S-Waves on Crack? Not So Much

This month we continue our series on S waves and factures by taking a look at another laboratory measurement that illustrates an important behavior of S waves that propagate in fractured media.

Experimental work done by Xu and King (1989) are presented as figure 1.

In this lab experiment, P, S1 (fast-S) and S2 (slow-S) modes propagate through a test sample before and after the sample was cracked to create a series of internal fracture planes. Wave transit times through the sample were measured to determine the effect of cracks on the velocity of each wave mode.

For both the cracked and uncracked samples, transit time measurements were made for a series of confining pressure conditions varying from 1.4 MPa to almost 21 MPa. P-wave travel time behavior is described on the top panel of the figure; S1 and S2travel times are summarized on panels b and c, respectively.

On each data panel, the transit time for uncracked rock is marked as A. Point B indicates the travel time through the cracked sample.

The travel times for P and S1modes exhibit little pressure dependence over the applied pressure range for either cracked or uncracked media.

There is a noticeable decrease in transit time for the S2mode as confining pressure is increased. This behavior is indicated by the dashed line drawn across the S2waveforms on panel C.

The wave physics confirmed by this test is that P and S1velocities decrease by only a small amount – often a negligible amount – when a seismic propagation medium changes from non-fractured rock to a medium with aligned-fractures. The observed delay in transit time through the small test sample is less than 2 μs for each of these wave modes when fractures are present.

In contrast, the delay in travel time for the S2modes exceeds 5 μs – more than twice the transit-time delays of the P and S1modes. Data point B for the S2mode propagating in the cracked rock is arbitrarily selected from the waveform observed at the mid-pressure range used in the test.

Physical measurements of S-wave transit time through fractured media – such as those documented on figure 1 – establish the relationship between slow-S velocity and fracture density illustrated on figure 2. This model simulates a seismic profile traversing an Earth system consisting of blocks of anisotropic rock bounded by blocks of isotropic rock.

Anisotropic conditions in blocks B, C and D are caused by aligned fractures that have different fracture density (FD) and fracture azimuth (?) from block to block.

When this Earth system is illuminated with an elastic wavefield, slow-S velocity has the generalized behavior diagramed below the Earth model. As fracture density FD increases, slow-S velocity S2velocity decreases.

The magnitude by which S2decreases is a qualitative, not quantitative, indicator of fracture density. S2velocity behavior can be used to predict fracture density in a quantitative manner only if fracture density can be independently determined at several calibration points across seismic image space – and establishing such calibration is difficult.
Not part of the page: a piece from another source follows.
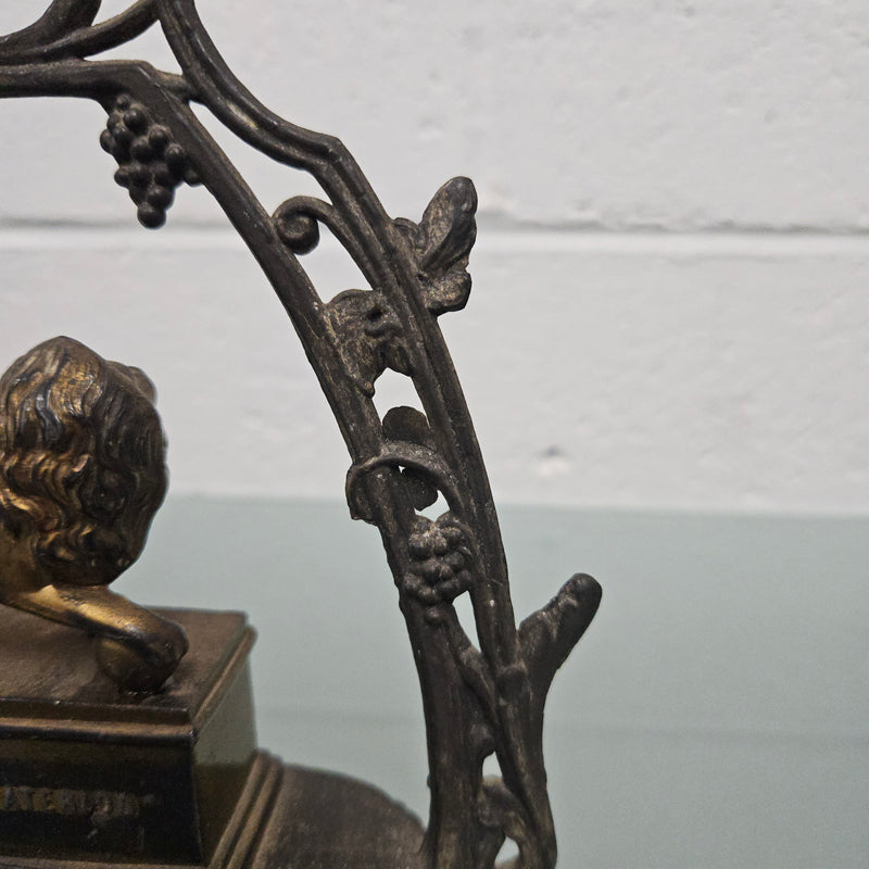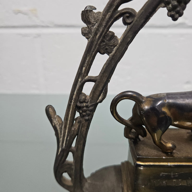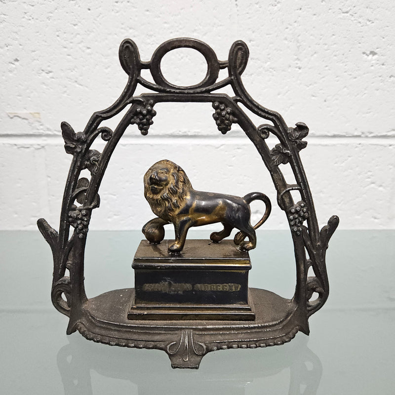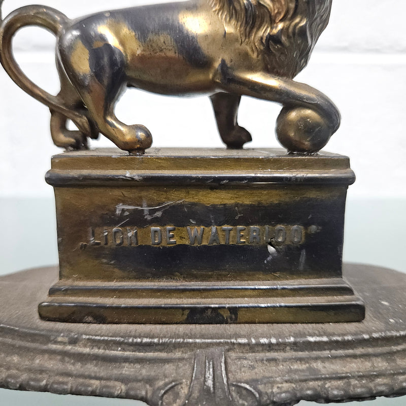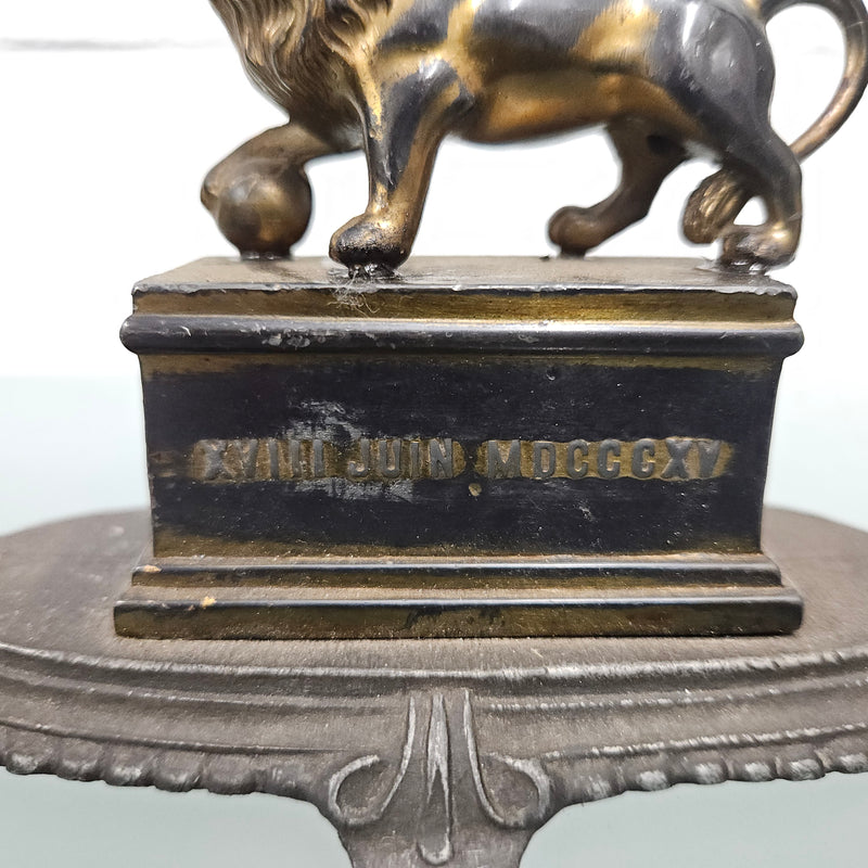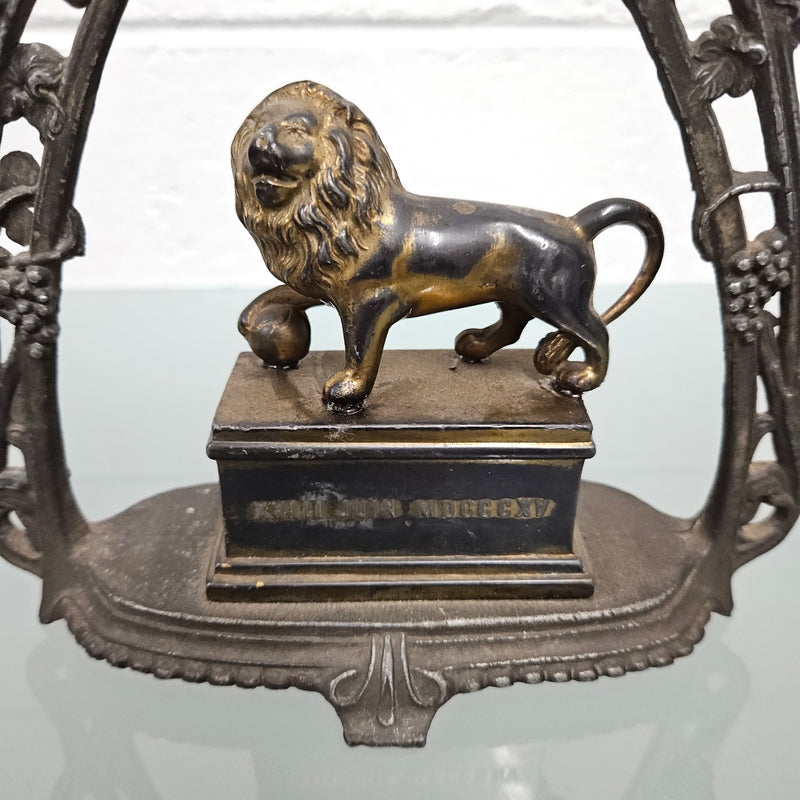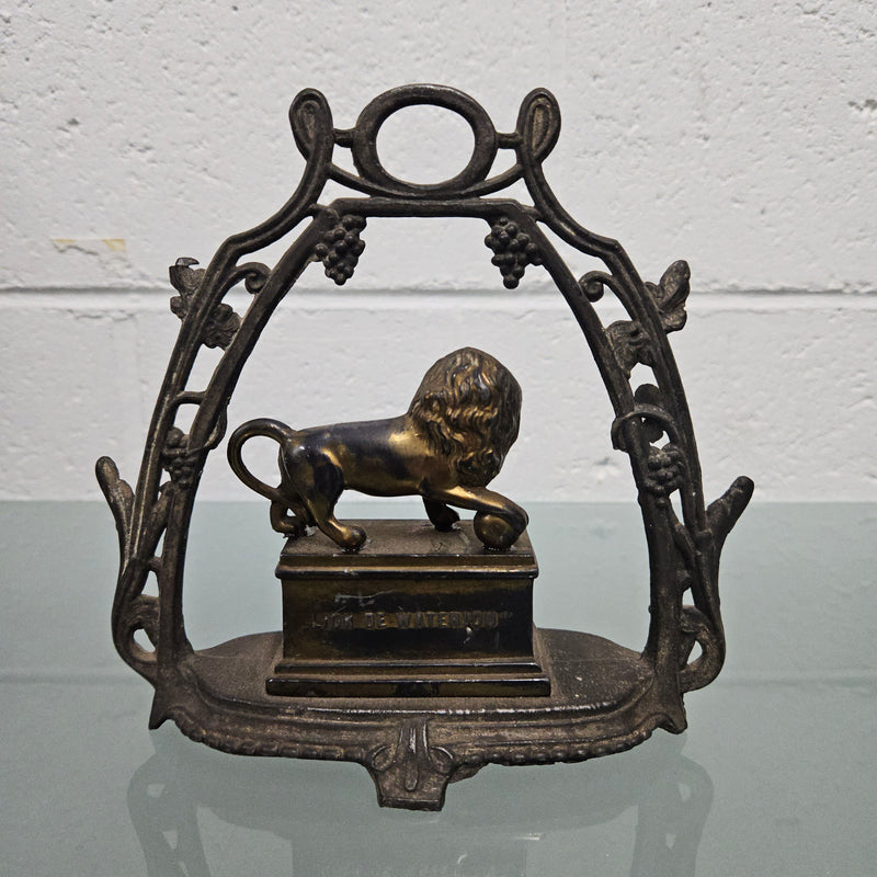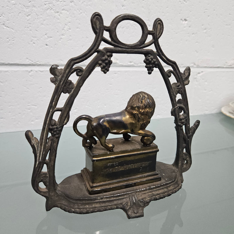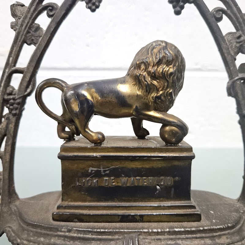 Heavy French Antique metal souvenir of The Battle or Waterloo. It has a lion on a podium in the center surrounded by vine and grape decoration. It is in good original condition. Please see photos as they form part of the description.

Restricting the use of S2 velocity behavior to that of only a qualitative predictor of fracture density is still important and valuable for understanding fracture distribution across areas imaged with multicomponent seismic data. Variations in fracture azimuth Φ affect only the polarization direction of the slow-S mode, not the magnitude of S2 velocity.

Fast-S velocity in a fractured medium is approximately the same as it is in an unfractured sample of that same medium (figure 1b). S1 velocity may decrease by a small amount if fracture density is sufficient to alter bulk density; otherwise, it is reasonably correct to assume S1 has the same magnitude in fractured rock as it has in non-fractured sections of the same rock.